Pretreatment of sulfonic acid wastewater through iron-carbon micro-electrolysis: investigation on process optimization and mechanism analysis
摘要
The treatment of sulfonic acid wastewater poses significant environmental challenges owing to its high organic load and poor biodegradability. In this study, iron–carbon (Fe–C) micro-electrolysis was investigated as a pretreatment strategy to enhance the removal of persistent organic pollutants. A systematic evaluation was conducted to examine the effects of influent concentration, pH, aeration rate, and reaction time on chemical oxygen demand (COD) removal, Fe3+ concentration, pH variation, and chromaticity. Response surface methodology was employed to analyze factor interactions and optimize operational conditions for the Fe–C micro-electrolysis process.
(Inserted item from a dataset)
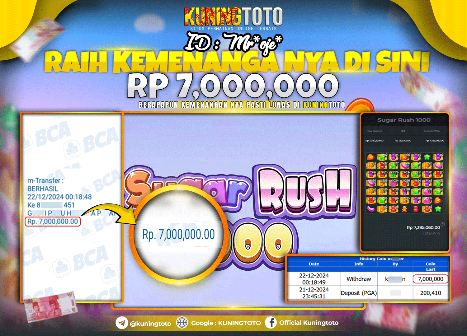 Bukti JackPot Slot Member KUNINGTOTO 22 Dec 2024 Slot Sugar Rush 1000

The optimal parameters were an aeration rate of 16.63 L/min, a reaction time of 79.37 min, and an initial pH of 1.268, achieving a COD removal efficiency of 45.24%. The degradation kinetics of sulfonic acid wastewater followed a pseudo-second-order model (R2 = 0.996). Ultraviolet–visible spectroscopy and Fourier-transform infrared spectroscopy revealed that the wastewater primarily contained methanesulfonic acid and alkylbenzenesulfonic acid. The Fe–C micro-electrolysis process effectively altered the macromolecular structures of these pollutants by cleaving aromatic rings, disrupting unsaturated bonds, and transforming sulfonic functional groups into smaller molecules or inorganic species. The estimated operating cost under optimized conditions was approximately 5 USD/m3, demonstrating the practical feasibility of this pretreatment technology.